*Data shown*
══════════════════════════════
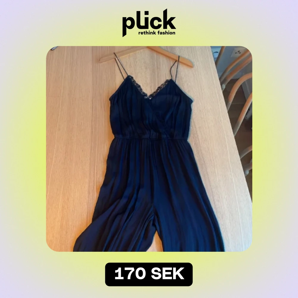 Lång marinblå jumpsuit i satintyg. Fint skick. Storlek S.
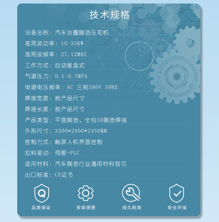 三,日力高周波汽車地毯焊接機(jī) 技術(shù)規(guī)格:
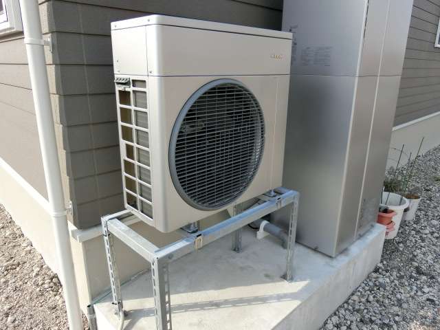 室外機から発生・ドレン穴から排出される結露水によって設備台・土間コンクリートが汚れる(藻の発生等)のを防ぐ配慮。
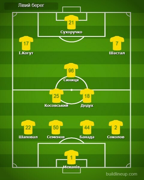 «Лівий Берег»: Механів – Шаповал, Якимів, Семенов, Соколов – Банада, Косовський (Приходько, 51) – І. Когут (Войцеховський, 46), Синиця (Дієго, 57), Шастал (Галас, 51) – Сухоручко.
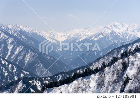 立山ロープウェイの黒部平駅付近から見下ろす黒部ダムと雪に覆われた雄大な山々の美しい冬景色
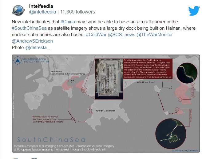 中國已經在海南島榆林海軍基地,建造航空母艦所需的乾船塢,顯示解放軍正在加強海南的戰略基礎,並很快就會在南海設立永久航母基地。乾船塢對於讓戰艦保持戰鬥狀態很重要,而航空母艦因為特殊的規模,需要特殊的設施。
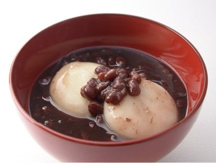 別の鍋で煮た丸餅を、甘い小豆汁に入れたもの。一般的なぜんざいに近いものですが、山陰地方ではこれが雑煮です。小豆の赤色には邪気を払う力があり、縁起が良いとされています。
══════════════════════════════
*Problem*
Please copy the lines above, starting at the one that holds "立山ロープウェイの黒部平駅付" and stopping after the last line, exactly as they appear and minus the pictures.

*Task answer*
 立山ロープウェイの黒部平駅付近から見下ろす黒部ダムと雪に覆われた雄大な山々の美しい冬景色
 中國已經在海南島榆林海軍基地,建造航空母艦所需的乾船塢,顯示解放軍正在加強海南的戰略基礎,並很快就會在南海設立永久航母基地。乾船塢對於讓戰艦保持戰鬥狀態很重要,而航空母艦因為特殊的規模,需要特殊的設施。
 別の鍋で煮た丸餅を、甘い小豆汁に入れたもの。一般的なぜんざいに近いものですが、山陰地方ではこれが雑煮です。小豆の赤色には邪気を払う力があり、縁起が良いとされています。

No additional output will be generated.